Alex Preston

Echoes of The Tempest…

Shameful memories surface of Norway’s wartime crimes in this haunting, atmospheric novel

issue 09 February 2019

‘I should not have gone back to the island but I did it all the same.’ So begins the Swedish author Steve Sem-Sandberg’s brief, dark and wonderfully atmospheric 12th novel, The Tempest. Islands play a special role in our literary imagination. They are crucibles, havens, prisons and escapes, places of magic and mysterious transformation, worlds that can be shaped and owned. There is a rich history of island-writing, from D.H. Lawrence to J.M. Barrie, Compton Mackenzie to Aldous Huxley, William Golding to John Fowles. Behind them all sits Shakespeare’s late, troublesome, self-reflexive play of creativity and destruction, forgiveness and retribution.

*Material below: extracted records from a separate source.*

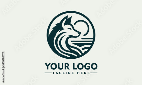 Striking Line Art Illustration of a Wolf Head Profile within a Circular Frame. Animal Illustration Concept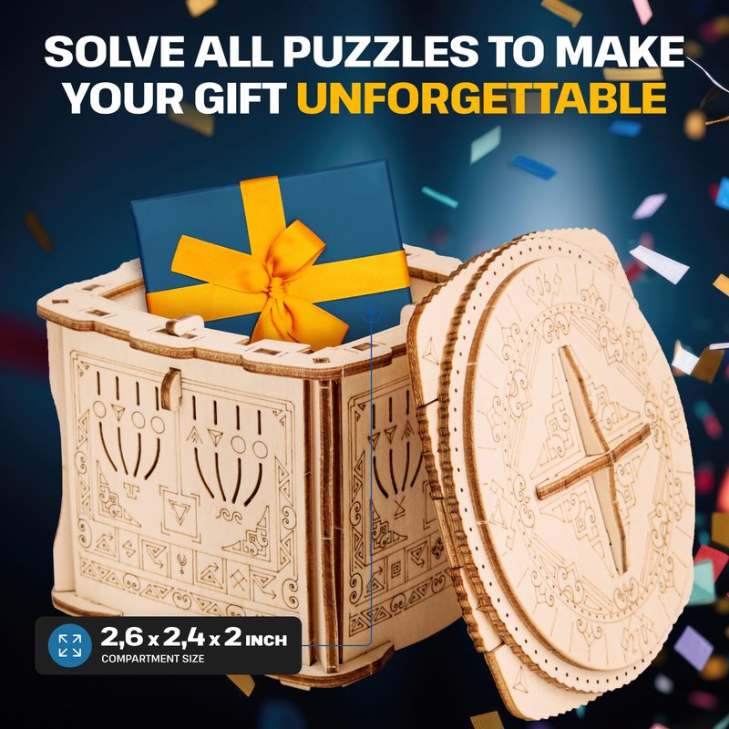 - Suitable for any occasion - Whether it's a birthday, wedding, celebration or simply as a packaging for a gift, this extraordinary wooden gift box is perfect for any special occasion. Make your gift stand out and leave a lasting impression! Surprise your family and friends with this tricky puzzle adventure.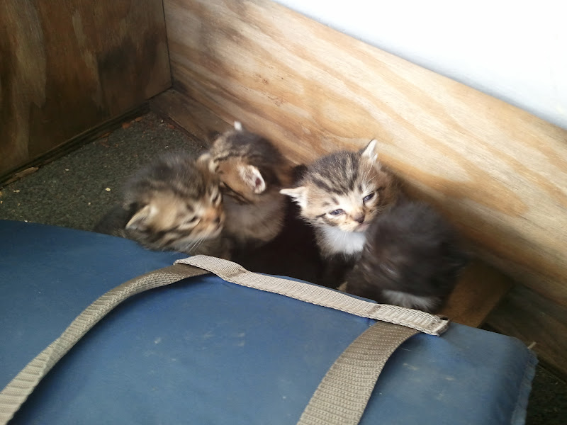 KITTENS!!! 5 of them! They were inside one of the seats next to a life jacket. Gabby and Felix were so excited to hear the news. They really want a little brother or sister. Sadly, Mom did some investigating and found out that they belong to a lady up the street who has lots of cats. Apparently, the momma cat likes to go off and have her babies and bring them home after a few weeks. When Mom went to go check on them the next day, the kittens were gone. So, either the lady came and got them, or the momma cat took them away. How sad! Felix and Gabby really wanted another playmate :) Oh well. One day, they’ll be getting a boxer puppy to play with…I’m sure they’ll love that!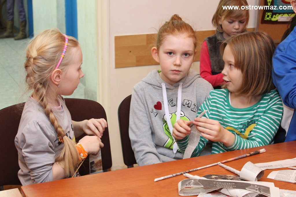 Czwartego dnia ferii dzieci wraz z Miejskim Domem Kultury czytały wspólnie baśnie braci Grimm oraz majstrowały przy wiklinach z papieru.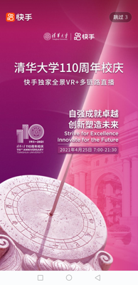 清华是国内历史悠久、地位卓然的名校,4月25日,正值清华大学建校110周年校庆,快手被授权为活动传播媒体之一,推出多链路全景直播,将清华校园“搬”到了线上,并完成此次校庆日特别节目15小时不间断直播,形成以“清华大学”为主账号,链接“快手正能量”、“快手见政”、“快手人间”的四链路全景直播,并邀请学校老师作为主持人,进行移动VR游园直播。

Sem-Sandberg’s island is one of a small archipelago sitting in a fjord on the Norwegian coast. Andreas Lehman, the tale’s principal narrator, grew up there, and now, years later, returns to clear out the house in which he and his sister Minna were raised by their alcoholic foster father, Johannes. From the off, we are alerted to the strange otherness of island life. As Andreas crosses the bridge, he notes:

I have a curiously familiar sensation of being transported centuries into the past. It is as if, all around me, the landscape is taking on greater depth and breadth and colour, yes, as if even the air is becoming denser.

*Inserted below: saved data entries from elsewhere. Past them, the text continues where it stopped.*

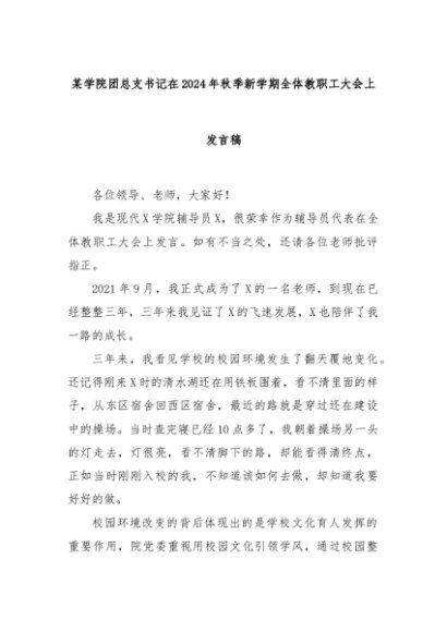 【七哥公文】2024年:某学院团总支书记在2024年秋季新学期全体教职工大会上发言稿+更多免费公文+VX:QiGeGongWen2024
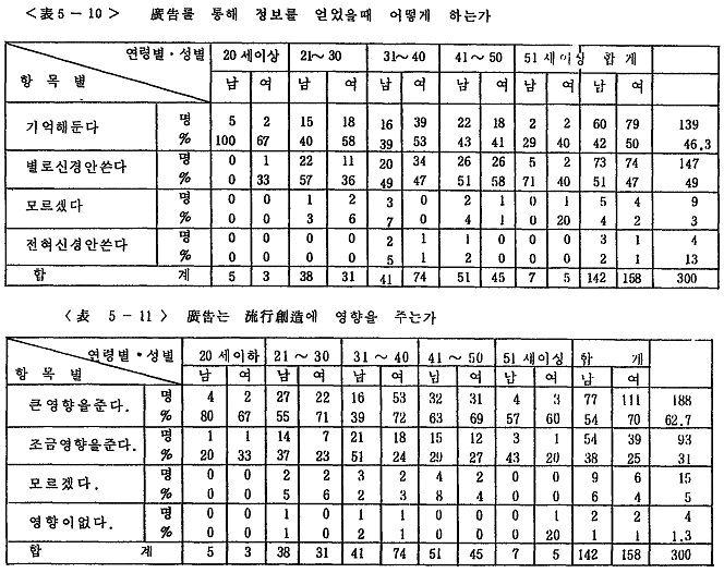 <Ç¥5-10>¿¡¼ º¸¸é ±¤°í¸¦ ÅëÇØ Á¤º¸¸¦ ¾ò¾úÀ» ¶§ÀÇ Åµµ¸¦ ºÐ¼®ÇÑ °á°ú ÀüüÀûÀ¸·Î 46.3%°¡ ±â¾ïÇØ µÐ´Ù´Â °ÍÀ¸·Î ³ªÅ¸³µ´Âµ¥ ÀÌ´Â ´ëü·Î ³ôÀº ÀÎÁöÀ²À̶ó°í ÆÇ´ÜµÈ´Ù. 20´ë ¹Ì¸¸Àº ÀþÀº û¼Ò³âÃþÀÌ ÀÎÁöÀ²ÀÌ ³ôÀ¸¸ç ³ªÀ̰¡ µé¼ö·Ï ³·¾ÆÁö´Â °ÍÀ¸·Î ³ªÅ¸³µ´Ù. ¼ºº°·Î´Â ³²¼ºº¸´Ù ¿©¼ºÀÌ ³ô¾ÒÀ¸¸ç, Á÷¾÷º°·Î´Â ÀÚÀ¯¾÷ 54%, ȸ»ç¿ø 52%, Çлý 52%·Î ÀÎÁöÀ²ÀÌ ³ô°Ô ³ªÅ¸³µ´Ù.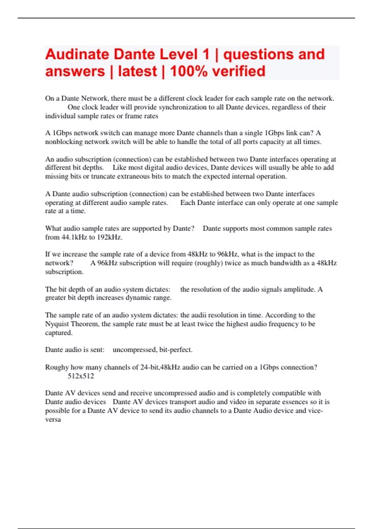 Audinate Dante Level 1 | questions and answers | latest | 100% verified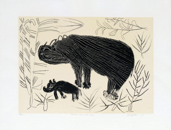Ennie Coex'ae Bob joined the Kuru Art Project in 1994 and her painting style developed rapidly. Her enjoyment of the creative process conveys itself through her work, which is often light-hearted and fun.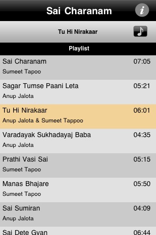 The music has been given by Abhinav Upadhyay and Sudeep Banerjee. Some of the tracks from this album includes Sai Charnam, Sagar Tumse Paani Leta, Tu Hi Nirakaar, Parthi Vasi Sai, Manas Bhajare, Sai Sumiran etc.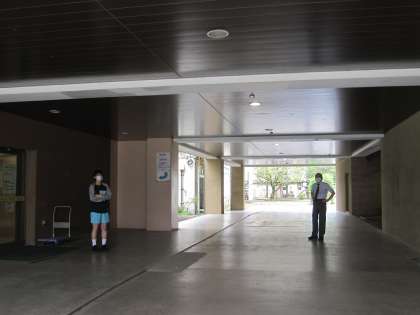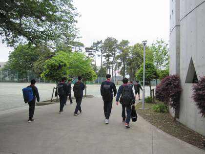 生徒の登校を迎えているのは校長とI組の教員です。朝からさわやかな挨拶をするだけでも気分が晴れやかになりますね。
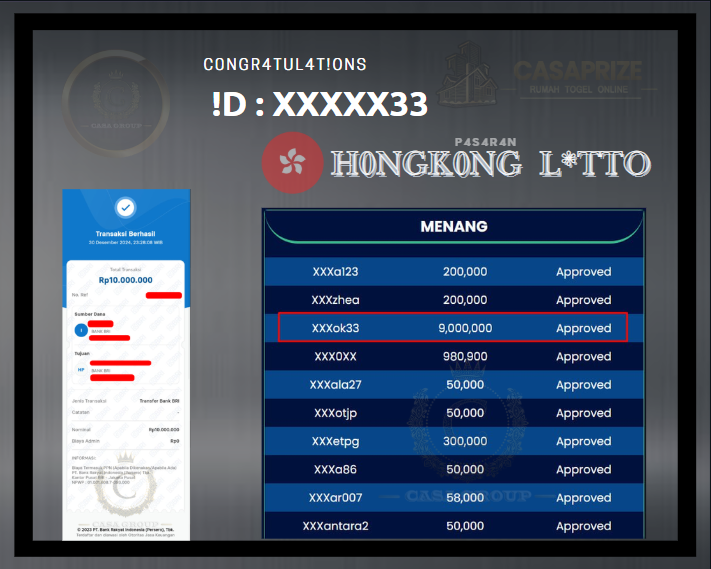 Selamat kepada user id XXXXX33 yang sudan mendapatkan cuan lagi di pasaran HONGKONG LOTTO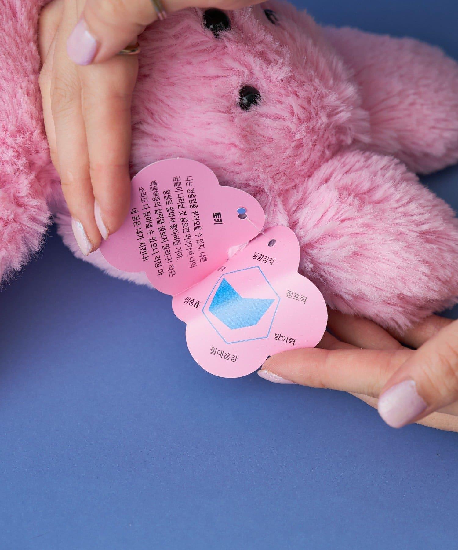 這是一隻可愛的毛絨兔子。標籤內有一張圖表,介紹了這個小傢伙的特點。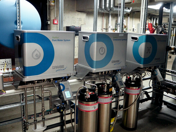 Eine hygienische und sichere Luftbefeuchtung ist eine wesentliche Voraussetzung für den Flughafenbetrieb. Die Qualität und Hygiene der Direktraum-Luftbefeuchtung wird durch eine mehrstufige Wasseraufbereitung gewährleistet, die aus einem Enthärter, Filterstufen, einer zentralen Umkehrosmose und einer zusätzlichen UV-C-Desinfektion besteht. Regelmäßige Kontrollen, Desinfektionen und der Austausch stark beanspruchter Systemkomponenten sind notwendig, um eine Kontamination der wasserführenden Elemente zu verhindern. Sowohl die systemeigene Wasseraufbereitung als auch die Hochdruckpumpe des Systems sind in tragbaren Kleincontainern untergebracht, die zu Wartungszwecken ausgetauscht werden. Im Rahmen eines automatisierten Wartungsplans erhält der Flughafen Nürnberg alle sechs Monate vollständig gewartete und desinfizierte Ersatzgeräte, die außerhalb des Sicherheitsbereichs in einem Technikzentrum installiert und leicht zugänglich sind. „Neben der hochwertigen adiabatischen Hochdrucktechnologie ist dieser Containeraustausch eines der Alleinstellungsmerkmale von Condair. Für uns bedeutet dieser Service hohe Sicherheit, einfache Handhabung und geringen Aufwand“, erklärt Thomas Harrer. Dass das System auch während des Betriebs hygienisch funktioniert und dem neuesten Stand der Technik entspricht, wird einmal jährlich von VDI-zertifizierten Fachingenieuren bestätigt. Da das System nach VDI 6022 Blatt 6 zertifiziert ist, gehört diese jährliche Vor-Ort-Inspektion ebenfalls zum regelmäßigen Service des Herstellers.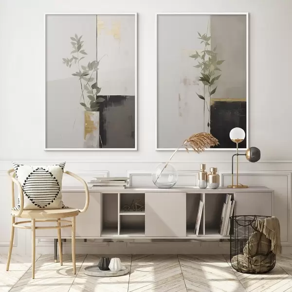 Poster O pictură minimalistă texturată reprezentând un vas cu frunze verzi pe un fundal de forme geometrice abstracte. Nr d01126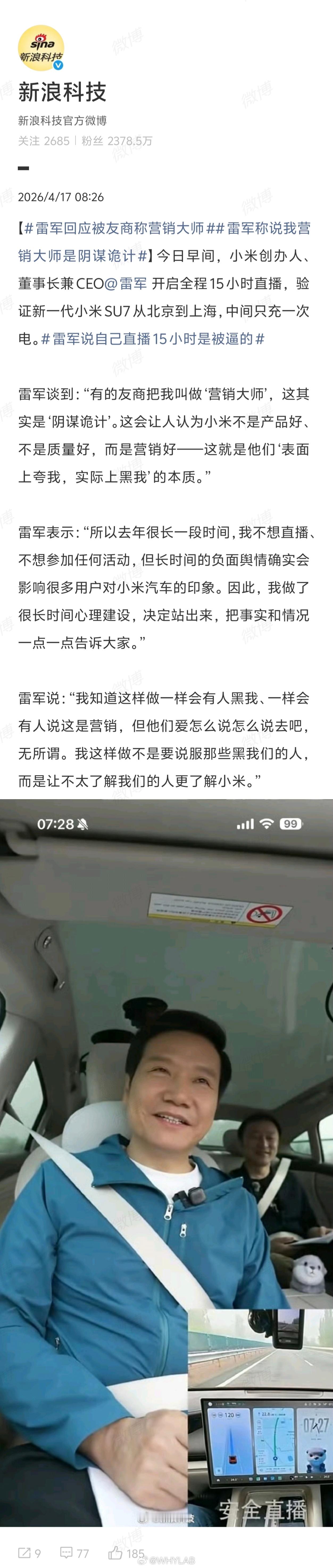 “所以去年很长一段时间,我不想直播、不想参加任何活动,但长时间的负面舆情确实会影响很多用户对小米汽车的印象。因此,我做了很长时间心理建设,决定站出来,把事实和情况一点一点告诉大家。”

We learn that Andreas and Minna were orphaned in mysterious circumstances in the years after the war: their father was an American diplomat living in the ‘Nato villa’ on the mainland who, with his wife, vanishes one day when the children are still very young, never to return. Johannes, a former seaman with his own dark past, looks after them in between drinking binges, calling them ‘my merciful gifts… as well as the great shame of his life’. Everywhere on the island is the presence of its owner, Jan-Heinz Kaufmann, who’d been a minister in Quisling’s government during the war and was imprisoned after it. During the siblings’ childhoods, he lurks in the shadows with his butterfly net, a vision of Norway’s shameful wartime past. This is a novel about the way historical crimes are written on a landscape, about the manner in which moral decay takes on physical form.

What makes The Tempest truly special, though, is the risks that Sem-Sandberg takes with narrative conventions, the way that his prose seems to break every rule in the creative writing handbook, and yet does so joyfully, recklessly and utterly convincingly.

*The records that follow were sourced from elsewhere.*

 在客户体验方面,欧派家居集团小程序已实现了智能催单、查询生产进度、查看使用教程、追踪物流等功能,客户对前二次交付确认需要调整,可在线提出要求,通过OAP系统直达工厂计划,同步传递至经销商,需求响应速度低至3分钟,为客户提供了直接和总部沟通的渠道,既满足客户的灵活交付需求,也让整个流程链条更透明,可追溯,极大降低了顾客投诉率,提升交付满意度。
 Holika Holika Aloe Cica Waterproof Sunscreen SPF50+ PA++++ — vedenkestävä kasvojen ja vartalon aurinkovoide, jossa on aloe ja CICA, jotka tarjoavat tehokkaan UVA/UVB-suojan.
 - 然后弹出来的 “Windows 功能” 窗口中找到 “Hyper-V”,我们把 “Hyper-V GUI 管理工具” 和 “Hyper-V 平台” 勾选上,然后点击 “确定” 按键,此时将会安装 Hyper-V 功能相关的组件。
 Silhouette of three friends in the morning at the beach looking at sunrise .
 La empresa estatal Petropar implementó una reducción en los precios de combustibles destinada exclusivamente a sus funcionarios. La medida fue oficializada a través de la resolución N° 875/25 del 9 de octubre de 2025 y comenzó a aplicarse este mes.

That such stylistic complexity is rendered in a manner that feels entirely natural is testimony to the great skill of the translator, Anna Paterson. The prose leaps wilfully between past and present tenses, the voice suddenly breaks into the second person and at one point Johannes takes over Andreas’s first-person narrative. Perspectives telescope in and out, giving us sweeping passages of history or wide-angle landscapes followed by intimately observed and close-up moments in time. It’s as if the book’s most significant borrowing from Shakespeare’s play is not the island setting, but rather Prospero’s total control of narrative, the omnipotence of the author-magician.